(Stored entries)

Start of Block

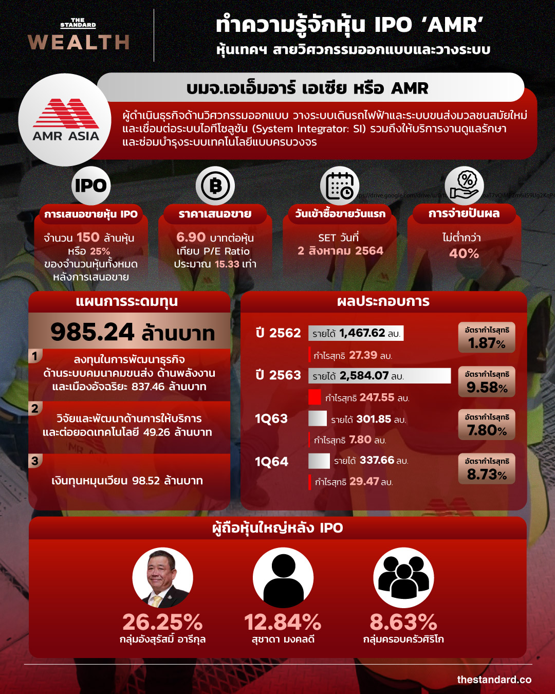 เอเอ็มอาร์ เอเซีย หรือ AMR เตรียมเข้าซื้อขายใน SET วันที่ 2 สิงหาคมนี้เป็นวันแรก ด้วยราคา IPO ที่ 6.90 บาทต่อหุ้น เงินระดมทุนจะใช้สำหรับลงทุนพัฒนาธุรกิจด้านระบบคมนาคมขนส่ง ด้านพลังงาน และเมืองอัจฉริยะ สานต่อโอกาสการเติบโตตามแผนพัฒนาโครงสร้างพื้นฐานของประเทศของภาครัฐ และการขยายการลงทุนของภาคเอกชนในหลากหลายอุตสาหกรรม
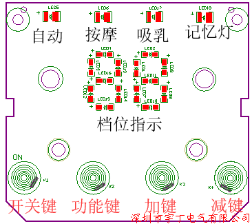 | 概述 | 本款仿生婴儿吸奶器控制板采用MCU控制技术,通过间歇性控制气泵和电池阀工作实现自动、按摩和吸乳的产品需求。同时,本款产品中档位范围为1-16档,增加了产品使用过程中吸奶力度的可调性。人机界面采用多个LED进行状态显示,同时,配备四个感应按键实现开关机工作、模式切换、档位调节的界面操作功能。 | |||||||||||||
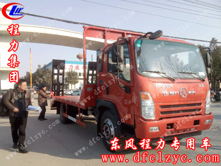来自上海孟总在程力集团购买一台大运平板运输车,大运公司原装底盘,底盘型号:CGC1140HDE4E,发动机型号:YNF40E1,170马力,4.1米轴距,云内柴油环保发动机,国五排放标准,8.25R20钢丝胎。平板采用5MM厚国际花纹板,前轮可转向,在施工道理不平情况下,能保持所有轮胎同时着地,保证车架和轮胎受力均衡,确保所载设备安全等。
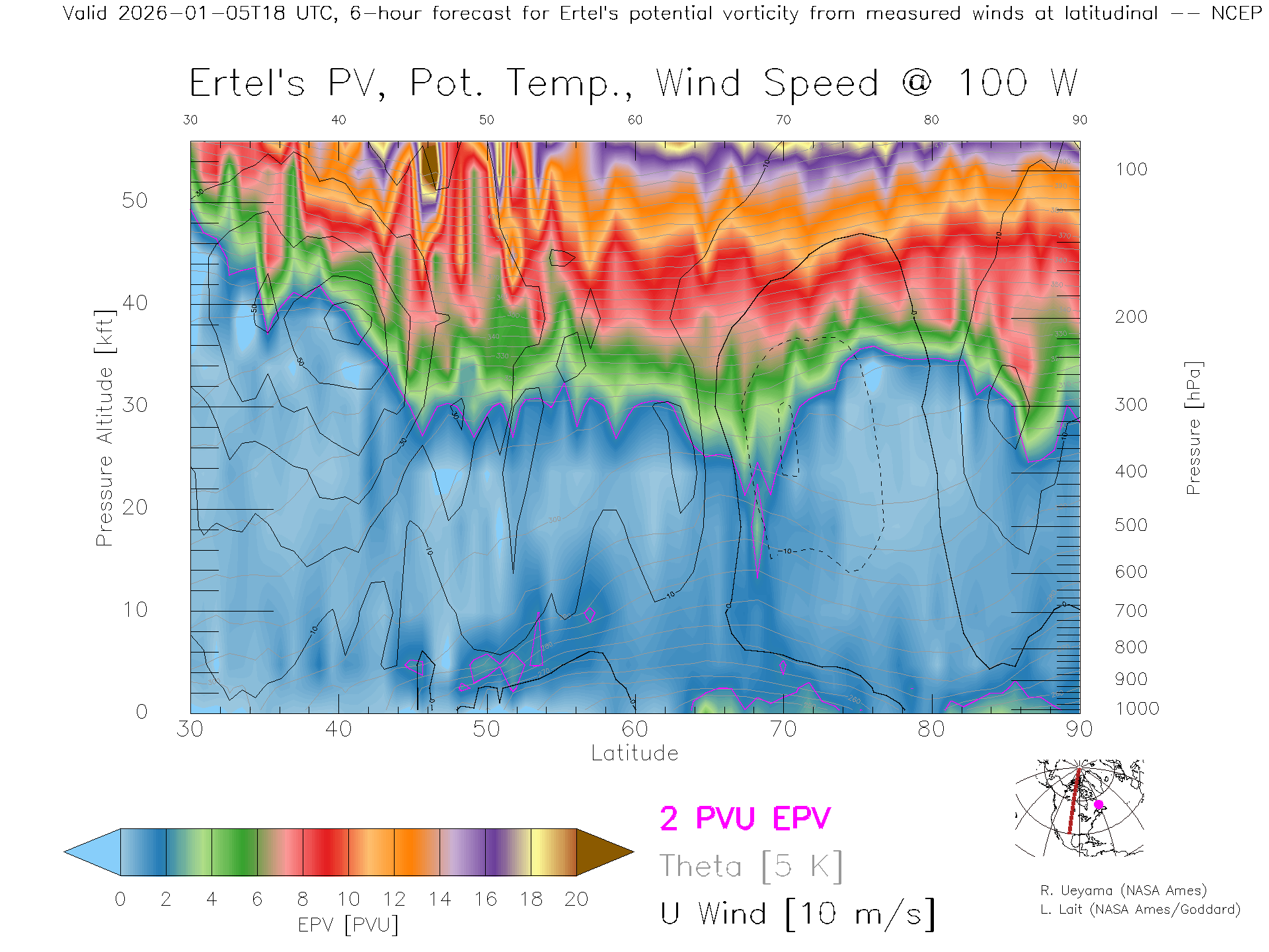 NCEP GFS Forecast PV X-Section (100 W)
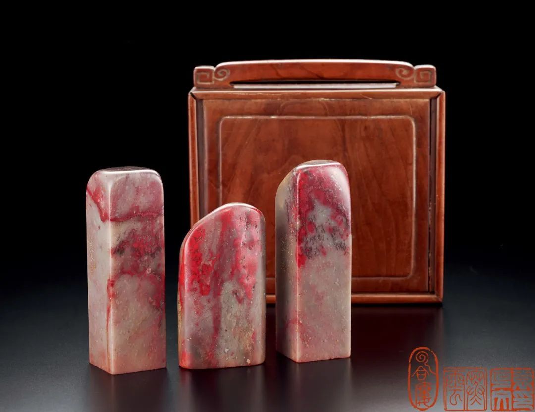 張越丞款昌化雞血石套印三方
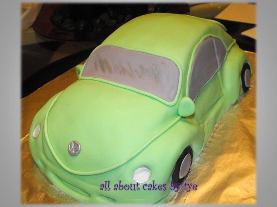 Birthday girl drives a lime green VW Bug... Lemon cake covered in Fondant
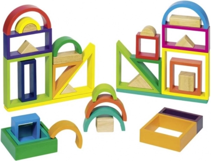 Ontdek een creatieve wereld met de houten Goki Regenboog-bouwset met 38 kleurrijke onderdelen, die kinderen gebruiken om 2D- en 3D-bouwwerken te maken – van torens tot kleine huisjes. Geometrische vormen ontwikkelen de ruimtelijke verbeelding, fijne motoriek en stimuleren de creativiteit. Geschikt voor kinderen vanaf 3 jaar.
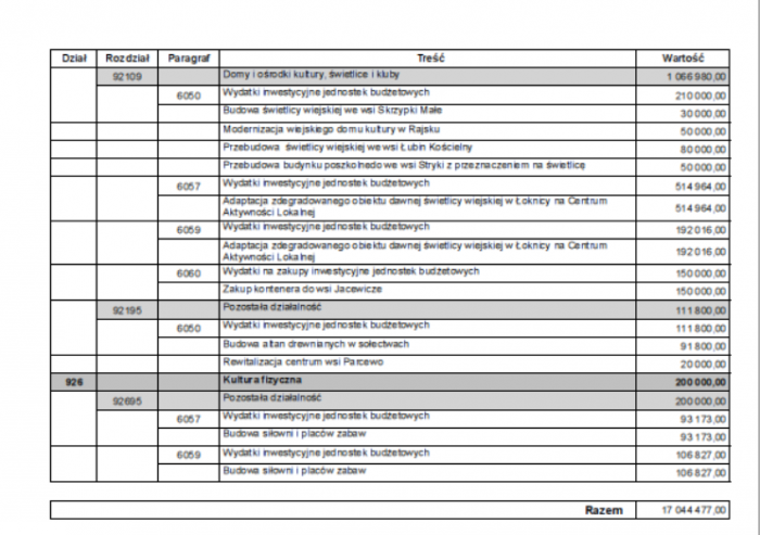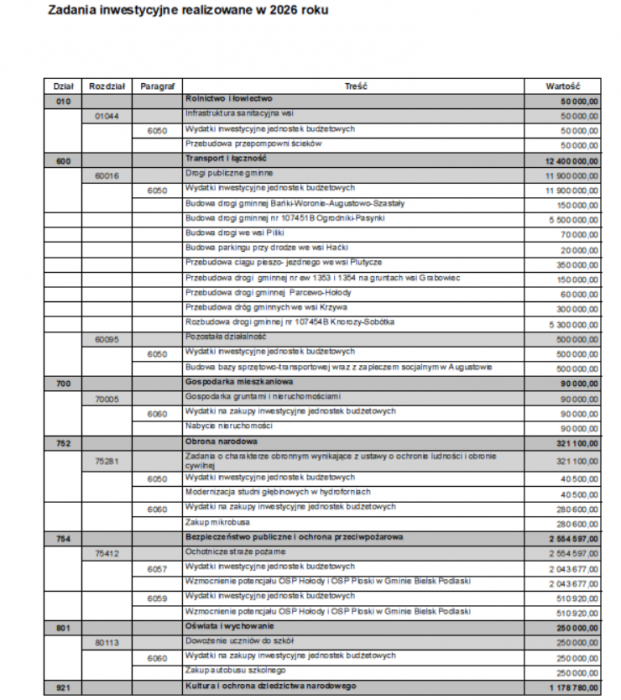 W dniu dzisiejszym znalazłem projekt budżetu gminy, który zawiera zadania inwestycyjne planowane do realizacji w 2026 r. Niestety nie znajduje się on w zakładce BIP do tego przeznaczonej, a jedynie w zarządzeniach wójta z listopada.
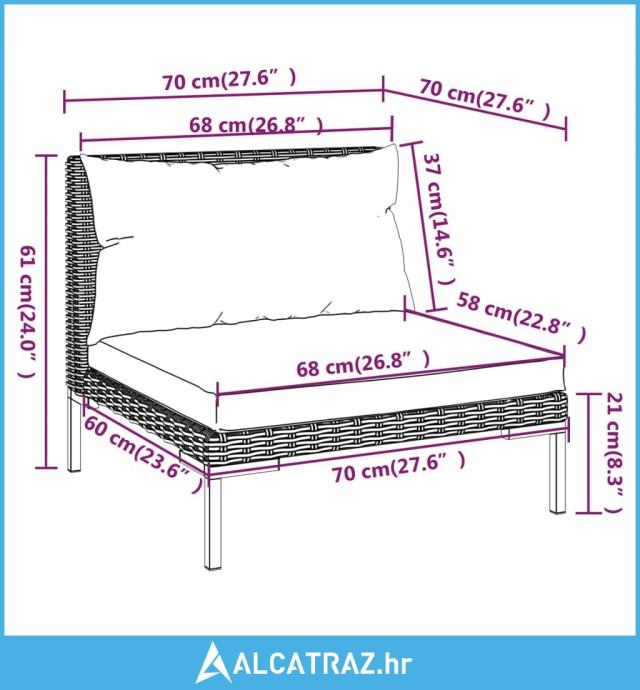 - Dimenzije (svake): 70 x 70 x 61 cm (Š x D x V)
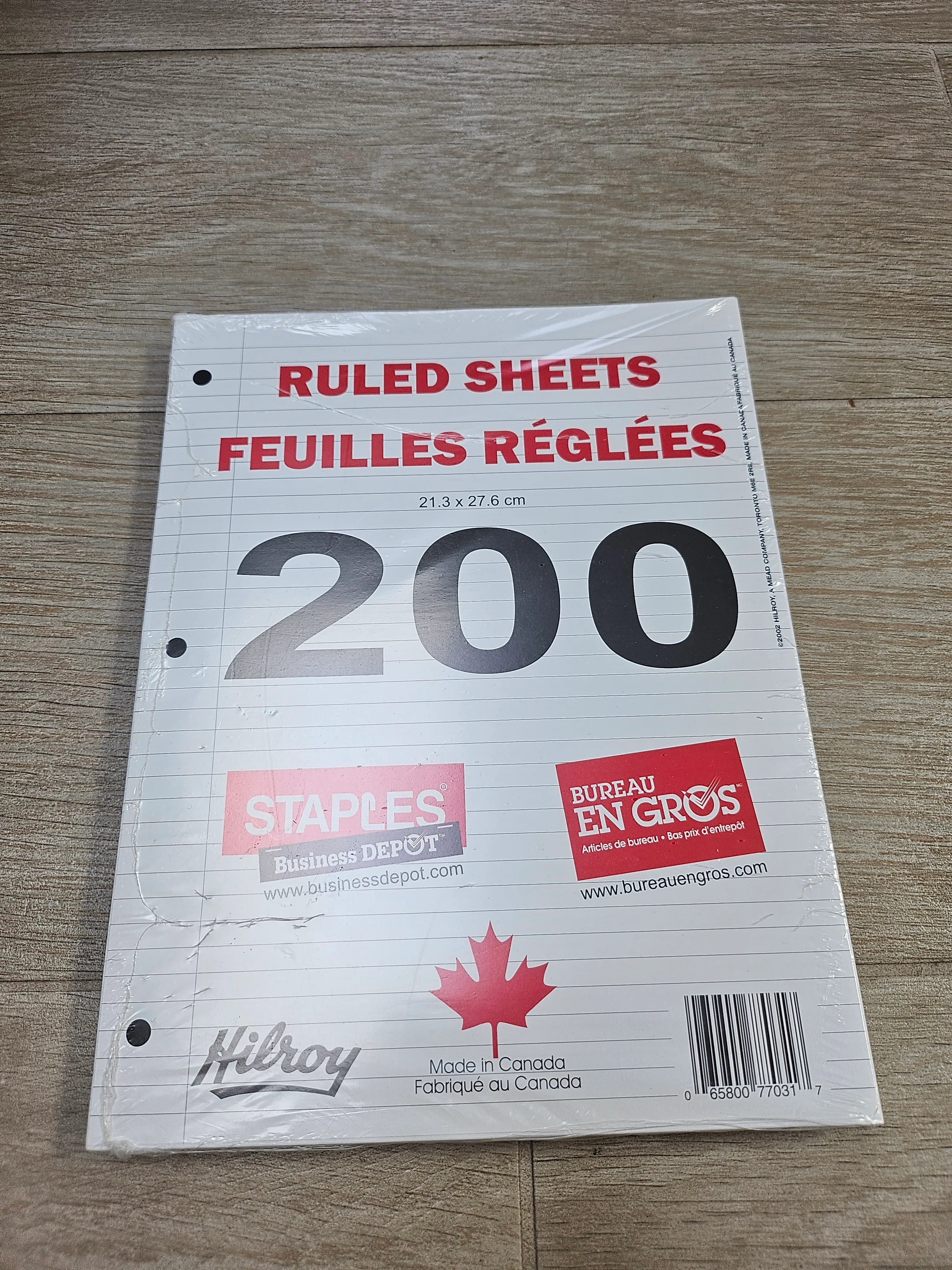 Have 3 packs of lined paper. Each pack has 200 sheets. Has holes for 3-ring binders. Brand new, never opened.

End of Block

▸ Work task: From the line with "- Dimenzije (svake): 70" to the final line of the entries above, reproduce each line exactly and nothing else; the pictures stay out.

▸ Written answer:
 - Dimenzije (svake): 70 x 70 x 61 cm (Š x D x V)
 Have 3 packs of lined paper. Each pack has 200 sheets. Has holes for 3-ring binders. Brand new, never opened.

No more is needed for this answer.